_Task statement:_
Find each line of the material below in which the word "three" occurs, and return it.

_Dataset extract:_
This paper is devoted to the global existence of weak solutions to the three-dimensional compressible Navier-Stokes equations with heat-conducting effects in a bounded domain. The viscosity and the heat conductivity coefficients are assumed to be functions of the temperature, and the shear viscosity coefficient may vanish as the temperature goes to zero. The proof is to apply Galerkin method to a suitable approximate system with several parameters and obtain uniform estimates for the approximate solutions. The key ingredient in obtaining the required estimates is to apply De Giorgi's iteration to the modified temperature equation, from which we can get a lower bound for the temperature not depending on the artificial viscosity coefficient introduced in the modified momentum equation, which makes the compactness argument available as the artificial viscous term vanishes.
---
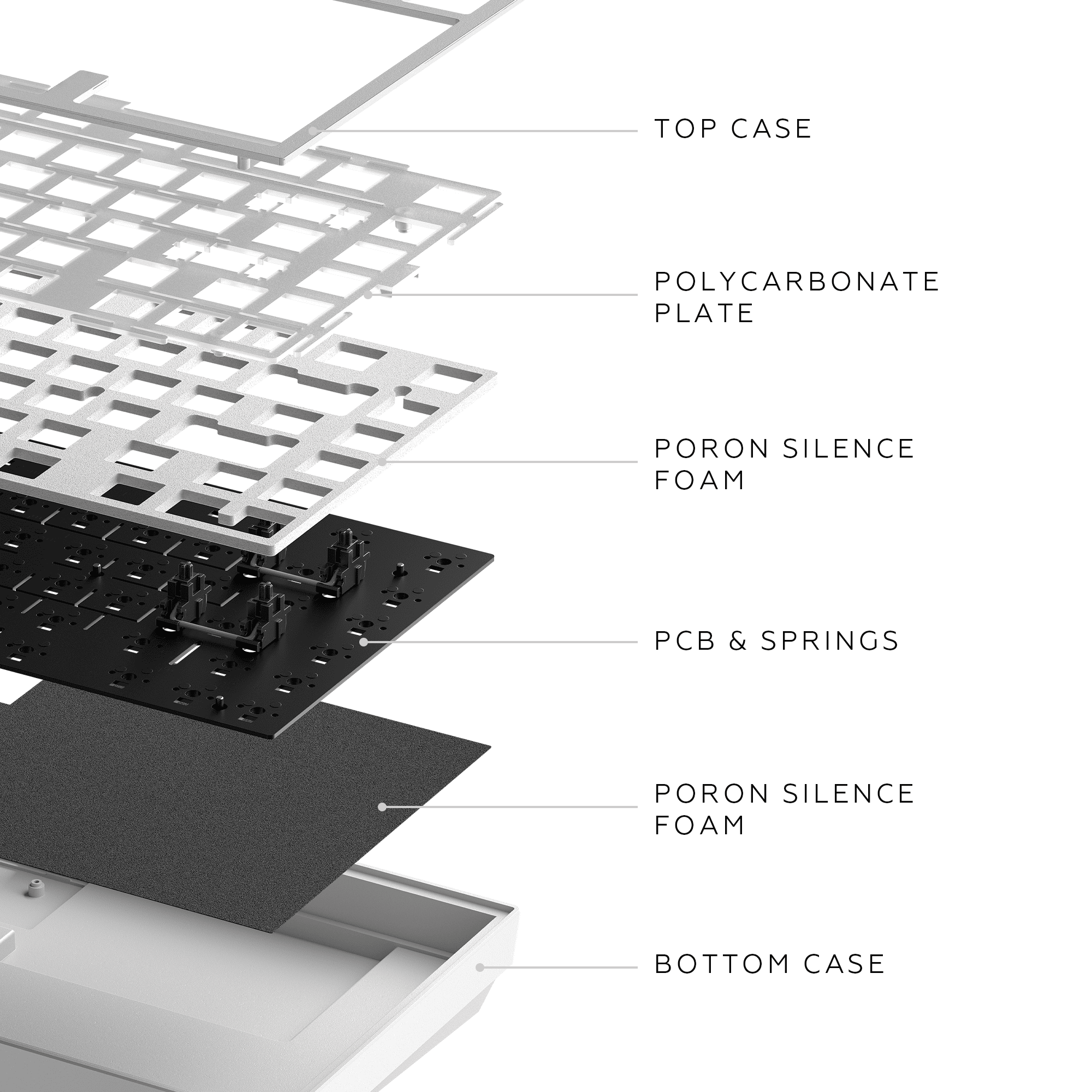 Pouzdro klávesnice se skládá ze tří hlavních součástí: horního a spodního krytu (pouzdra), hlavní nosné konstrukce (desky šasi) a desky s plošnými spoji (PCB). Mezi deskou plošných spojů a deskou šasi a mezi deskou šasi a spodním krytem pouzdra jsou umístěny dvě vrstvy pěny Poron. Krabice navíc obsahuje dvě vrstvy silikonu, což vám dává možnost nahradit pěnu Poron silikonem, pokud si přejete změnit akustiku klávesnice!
---
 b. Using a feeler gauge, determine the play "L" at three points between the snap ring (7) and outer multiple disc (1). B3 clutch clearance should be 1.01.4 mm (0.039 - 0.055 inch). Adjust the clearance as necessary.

_Result:_
This paper is devoted to the global existence of weak solutions to the three-dimensional compressible Navier-Stokes equations with heat-conducting effects in a bounded domain. The viscosity and the heat conductivity coefficients are assumed to be functions of the temperature, and the shear viscosity coefficient may vanish as the temperature goes to zero. The proof is to apply Galerkin method to a suitable approximate system with several parameters and obtain uniform estimates for the approximate solutions. The key ingredient in obtaining the required estimates is to apply De Giorgi's iteration to the modified temperature equation, from which we can get a lower bound for the temperature not depending on the artificial viscosity coefficient introduced in the modified momentum equation, which makes the compactness argument available as the artificial viscous term vanishes.
 b. Using a feeler gauge, determine the play "L" at three points between the snap ring (7) and outer multiple disc (1). B3 clutch clearance should be 1.01.4 mm (0.039 - 0.055 inch). Adjust the clearance as necessary.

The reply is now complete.